It’s exceedingly rare to come across people who possess all the data skills for digital transformation. In the human resources world, they call that a skill gap. At the U.S. Patent and Trademark Office, the Branch Chief of Advanced Analytics Scott Beliveau calls that a data unicorn.
A data unicorn is a mathematician, data scientist and storyteller — someone who is mathematically strong, technically learned and narratively inclined to draw data insights for the business or mission value.
“There are very few folks like that,” Beliveau said at GovLoop’s virtual summit Wednesday. And that’s in both the public and private spheres. “We’re not looking to hire our way out of this. We can’t hire our way into digital transformation nirvana, per se,” Beliveau added.
In that case, how can agencies reach digital transformation nirvana — or at least some success?
According to experts, digital transformation is the process of using new technologies to change business processes, culture and customer experience to meet market demands.
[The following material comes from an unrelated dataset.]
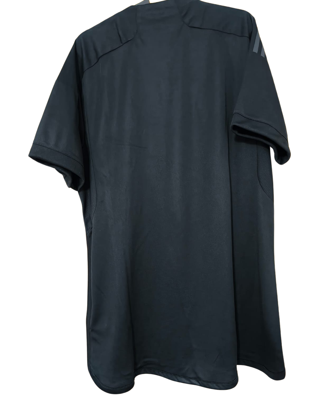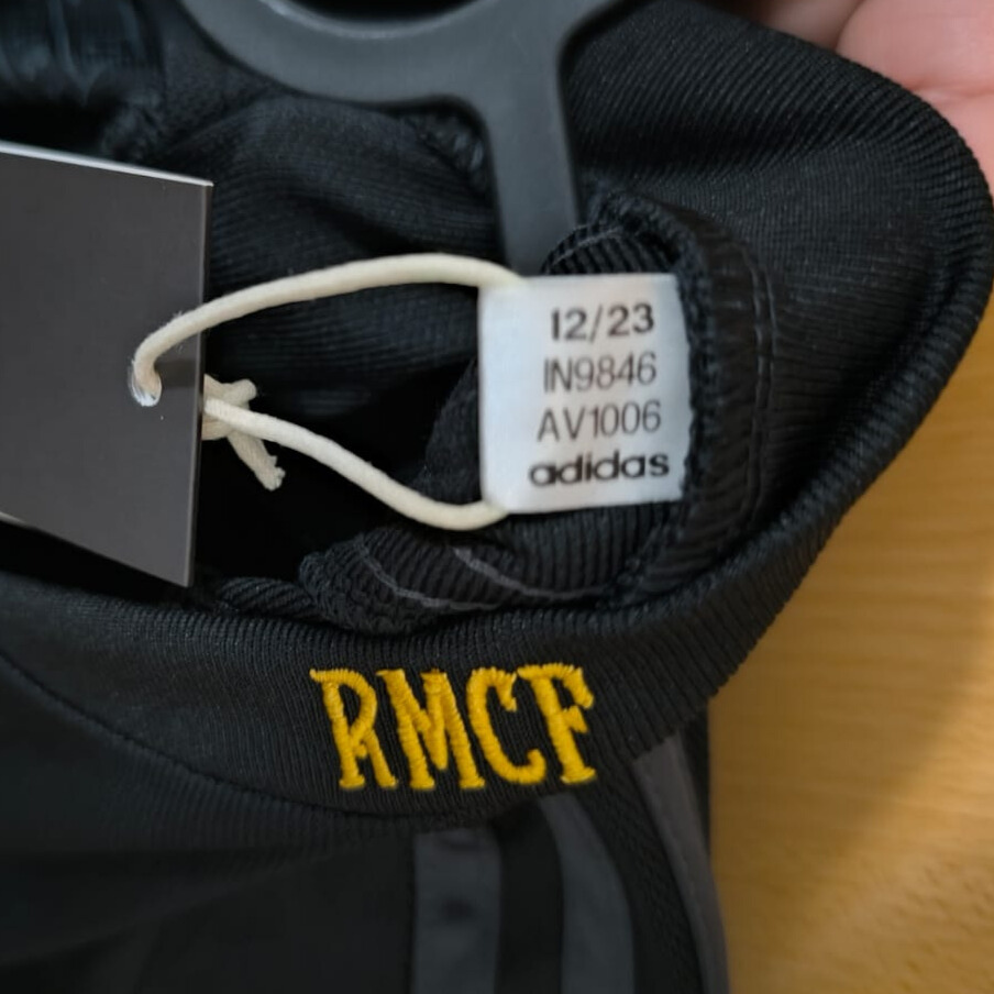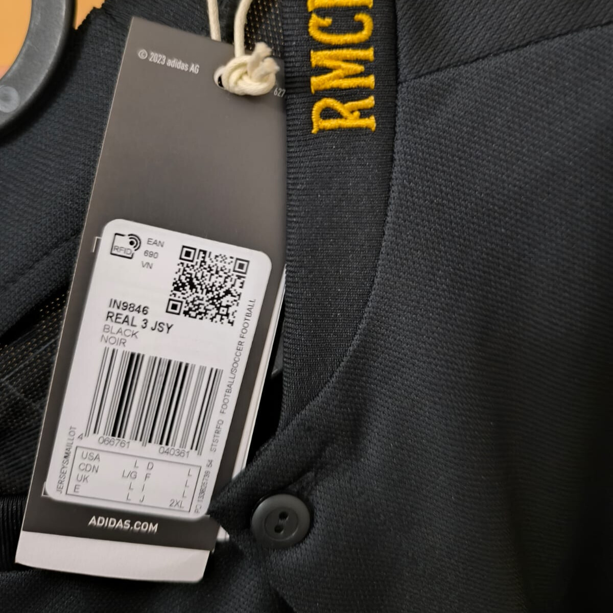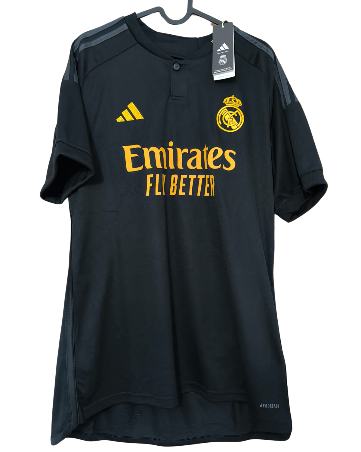 Aquí tenemos la tercera equipación del Real Madrid en la temporada 2023-2024, de color negro con detalles en amarillo dorado. El escudo del club está bordado en el pecho, junto con el logotipo de Adidas y el patrocinador Emirates Fly Better. En esta temporada, el Real Madrid fue campeón de LaLiga y conquistó la Champions League tras vencer al Borussia Dortmund en la final disputada en Londres.

Data analytics is critical to this because it provides clarity on how to best change a particular process or enable people to make the most valuable impact for their organization, Beliveau said.
For many organizations however, digital transformation efforts have not been as successful as anticipated. Andy MacIsaac, Director of Solutions Marketing for Public Sector at Alteryx, cited a McKinsey survey that said 8 out of 10 respondents embarked on a digital transformation journey, but only a third succeeded.
According to MacIsaac, the organizations that succeeded did so because they addressed the three digital transformation pillars together: people, process and data. But MacIsaac added another point to the challenge that unsuccessful organizations faced.
“You can have all these great processes and the access to data, but are you leveraging the key resources — people? Are you enabling people to leverage data and insights?” MacIsaac said.
Solution: Data Democratization and Borderless Collaboration
The solution to drive a successful digital transformation without data unicorns is two-pronged: data democratization and borderless collaboration.
“The idea of democratization is making data as available as possible for the right analysis,” MacIsaac said. It’s being able to provide a tool or platform that a data user at any level can leverage to answer the questions they have. These questions don’t have to be big — in fact, MacIsaac and Beliveau both argued that data-driven digital transformation efforts need to be small and, ideally, passion-driven. In the absence of data unicorns, organizations can empower the people they already have to take on bite-sized analytics projects around issues they’re passionate about through providing the right platform.
Additionally, agencies can engage in what Beliveau called “borderless collaboration.” It reaches across human silos to bring the best ideas to a problem, no matter what position the person has.
“It’s not necessarily looking at this problem as belonging to this particular business unit or space. But it’s bringing in lots of people who are passionate about lots of ideas, regardless of their position in the organization or where they work in,” Beliveau said.
Though agencies may not have many data unicorns, they may be able to create some by leveraging the passions their people already have.